§ **Exercise goal**:
Check each line of the material. Copy those containing "castors".

[[ Data extracts open ]]

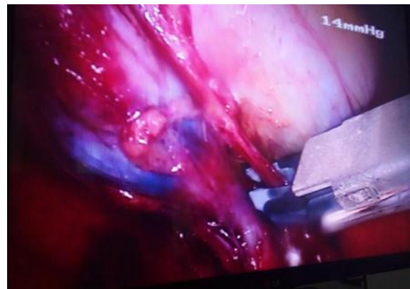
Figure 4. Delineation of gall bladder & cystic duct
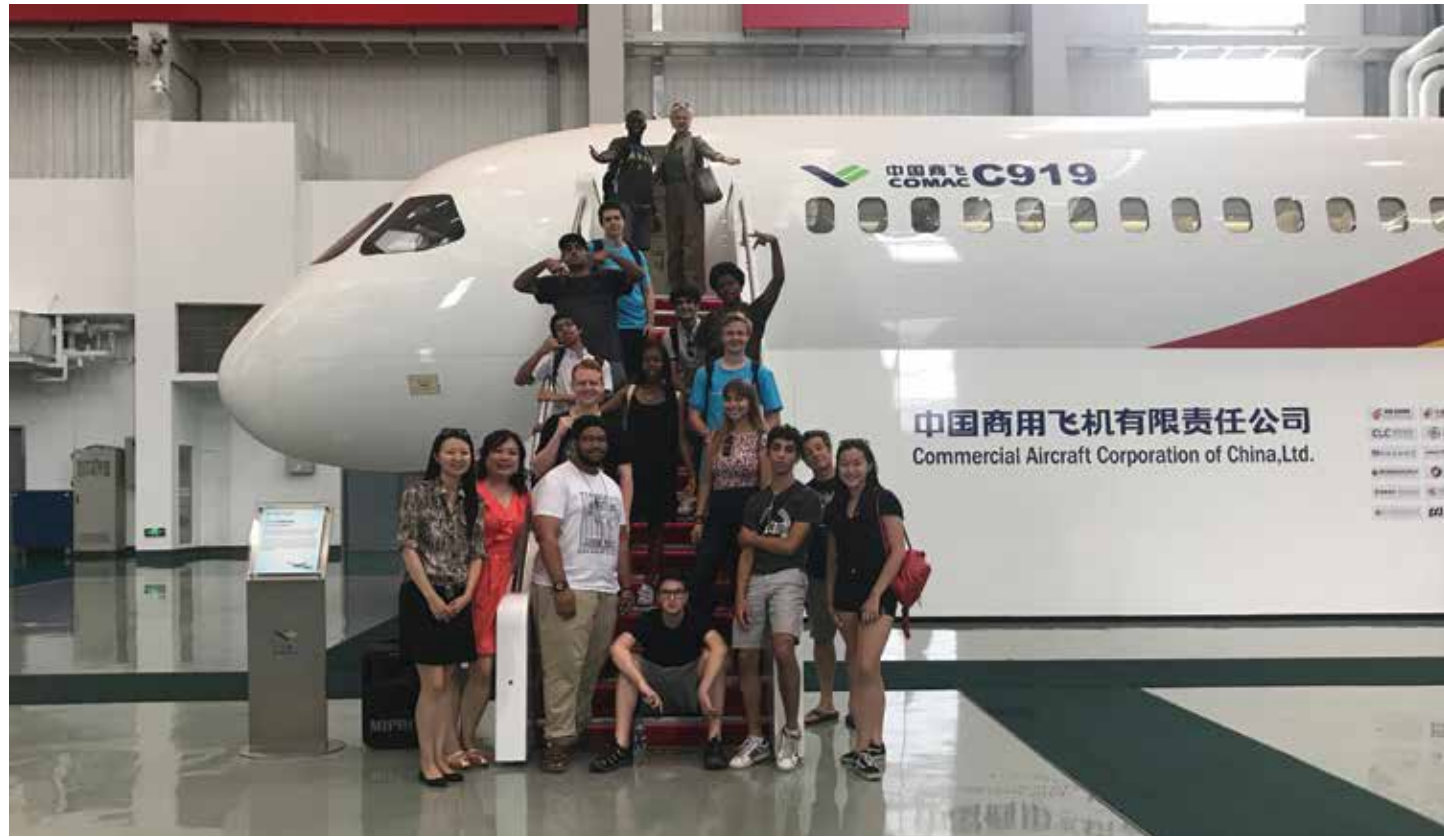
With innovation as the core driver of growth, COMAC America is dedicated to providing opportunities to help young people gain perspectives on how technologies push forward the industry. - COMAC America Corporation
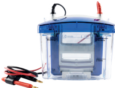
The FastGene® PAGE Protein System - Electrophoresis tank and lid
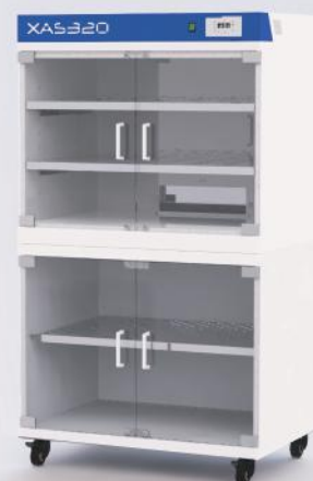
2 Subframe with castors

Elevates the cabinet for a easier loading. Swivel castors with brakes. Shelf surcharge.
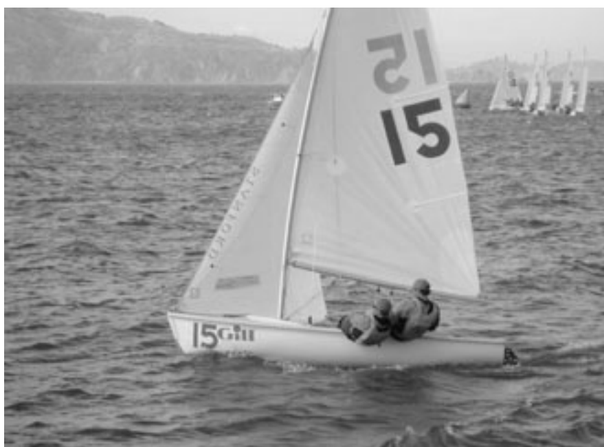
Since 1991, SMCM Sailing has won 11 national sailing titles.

[[ Data extracts closed ]]

§ **Result**:
2 Subframe with castors
Elevates the cabinet for a easier loading. Swivel castors with brakes. Shelf surcharge.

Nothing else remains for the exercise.